The picture painted by the complaints could offer one explanation for a growing share of invited households failing to complete any tests for the survey, as New Scientist reported last week.

Pete Liggins in Prestwich says the first IQVIA worker to visit him didn’t offer any advice on how to do self-swabbing tests, and it was only when he watched a video online after completing the test that he realised how to do it properly. No one called to book a follow-up appointment, and he was unable to get through to a helpline which was constantly busy. “If it’s not being carried out properly then all the sacrifices we’re being asked to make could be for nothing,” he says.

Simon Broxham in London has also been unable to arrange a second appointment, despite calling IQVIA several times. “I was just frustrated by the whole exercise. All three of us [in his household] wanted to help and we want to be part of the survey because we believe it’s a good thing. I was astonished by the fact we can’t continue,” he says.

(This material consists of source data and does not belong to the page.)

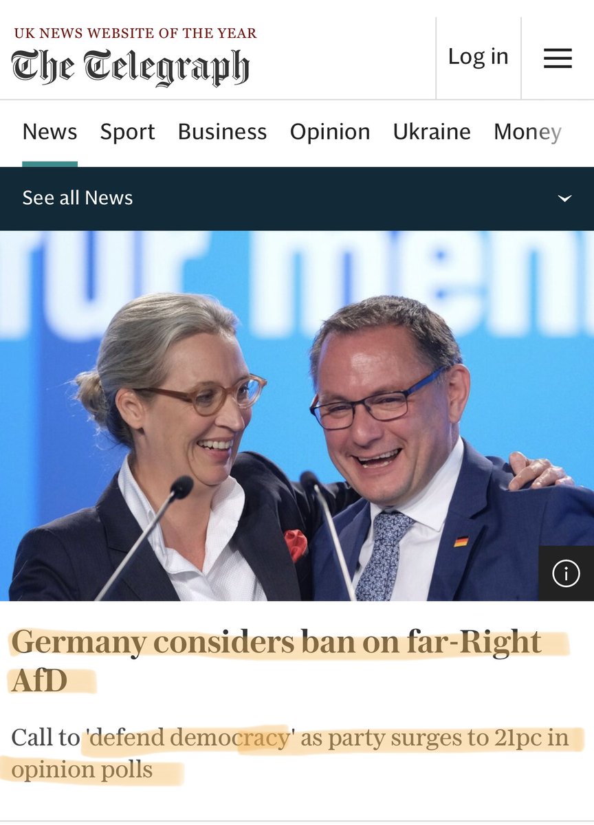 GERMANY- Falling into dictatorship as the ruling party looks to BAN its greatest threat, by calling the AfD a threat to democracy’ The AfDis polling at 21% But the people cannot be allowed to choose the ‘wrong’ leaders. Banning the opposition? This should scare you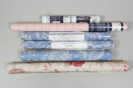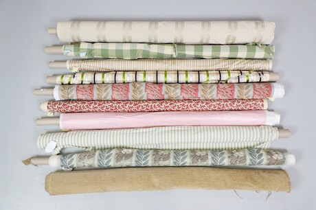 Tyg- och tapetrullar, B = ca 150 o mindre, bl.a. Suffolk Leaf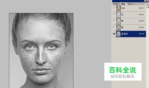 打开原图,复制一个图层,进入通道。观察红、绿、蓝三个通道,比较之下,蓝色通道的质感较强,特别是将斑点部分清晰展露。记住通道就是选区,它是独立的并依附于原图用来保存选择区域的黑白图像,默认白表示被选择黑表示不在范围内。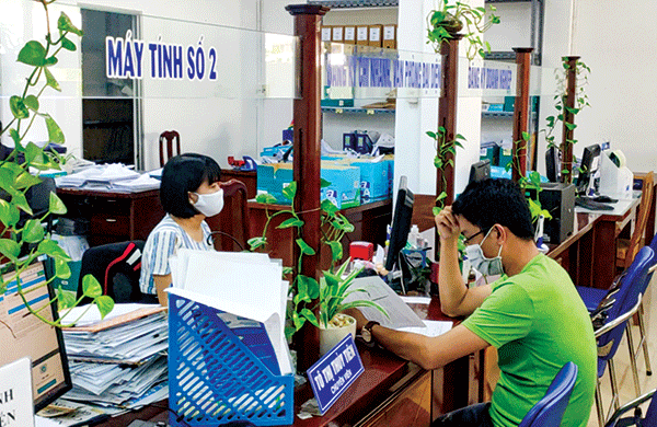 Thực hiện nghiêm túc việc đeo khẩu trang phòng dịch tại Bộ phận một cửa của Phòng Đăng ký kinh doanh.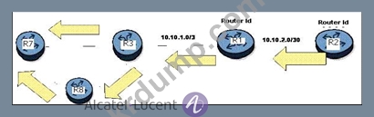 다이어그램에서 R3은 R7에서 시퀀스 번호가 112인 LSA를 수신하여 링크 상태 데이터베이스에 설치합니다. 10ms 나중에 R1에서 시퀀스 번호가 111인 동일한 LSA의 복사본을 받습니다. R3은 R1의 LSA로 무엇을 합니까?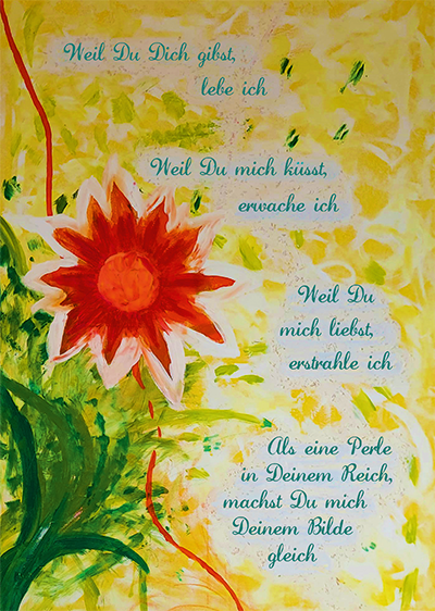 Dieses Bild ist ein von mir gemaltes Leinwandbild. Der Text basiert auf einem Gedicht, das ich 2015 schrieb und 2021 weiterverarbeitete zu einem Song: Der Traum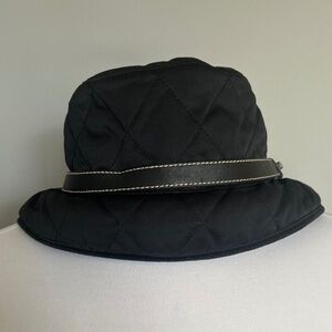 Coach Quilted Bucket Winter Hat in Black With Leather Trim Petite Small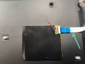 Может быть клей, соединяющий шлейф с клавиатурой (зелёная стрелка).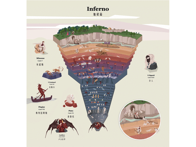 在导师维吉尔的指引下,他历经地狱、净界、天堂三界,找到走出迷津的道路,完成这场“灵魂修炼之旅”。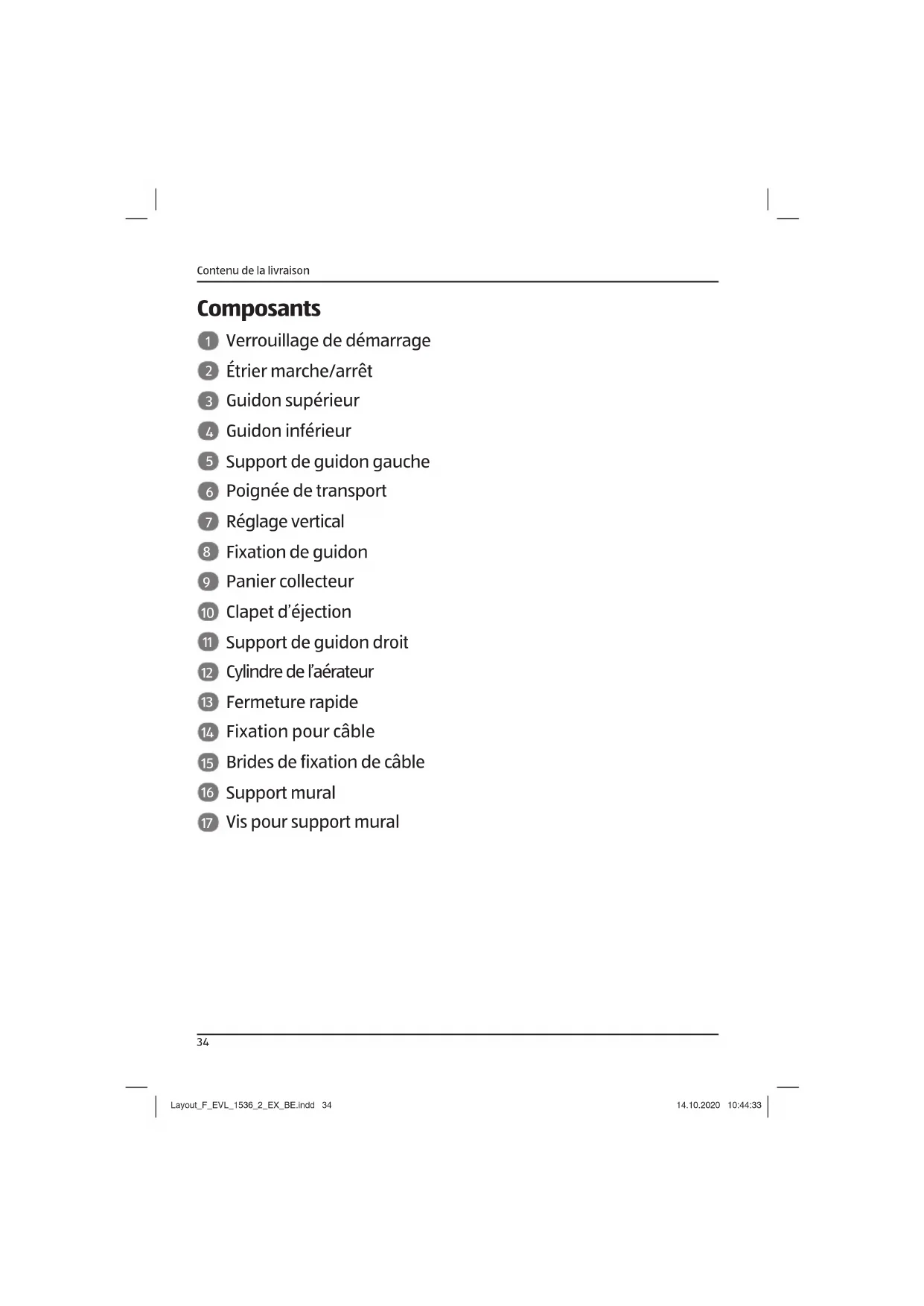 - N’utilisez jamais le câble électrique comme poignée. Portez tou- jours le scarificateur par la poignée de transport. Layout_F_EVL_1536_2_EX_BE.indd 38Layout_F_EVL_1536_2_EX_BE.indd 38 14.10.2020 10:44:3314.10.2020 10:44:3339 Sécurité

“It seems an absolute shambles,” says Izzy Aron in London. She says she was given no advice on how to do the tests, and instructions on where to find a unique household code required for the forms were unclear.

Another volunteer in Suffolk, who didn’t want to be named, says they waited three weeks to be called, and when a visit was finally booked for last Saturday, no one turned up. “I’d describe it as disappointing and frustrating,” they said. Many people have described such no-shows on Twitter, with some reporting it happening multiple times.

IQVIA appears aware of the problems, tweeting on 14 October that the “service is now experiencing some delays in booking appointments”.

More than one household has been told by IQVIA workers that having school age children puts a “spanner in the works”. Some participants in the study are asked to give a blood sample, and IQVIA says this can only happen in the morning, limiting the sampling to Saturdays for such households. “We are happy to take part because we appreciate the importance of the study, but so far we have been surprised and disappointed by the difficulties and the wasted time,” says the Suffolk volunteer.

The survey team says the problems people are facing will be addressed. IQVIA didn’t respond to requests for comment, though an ONS spokesperson spoke to New Scientist on behalf of both organisations: “The rapid and successful expansion of the survey in recent weeks has been a huge operational challenge. We are continually improving our processes and will address all of the issues raised by survey respondents.”

“Clearly, ONS Infection Survey has engaged positively with the difficulties,” says Sheila Bird at the University of Cambridge. “Rapid expansions often encounter such difficulties, namely a tail-off in performance by an over-stretched workforce.”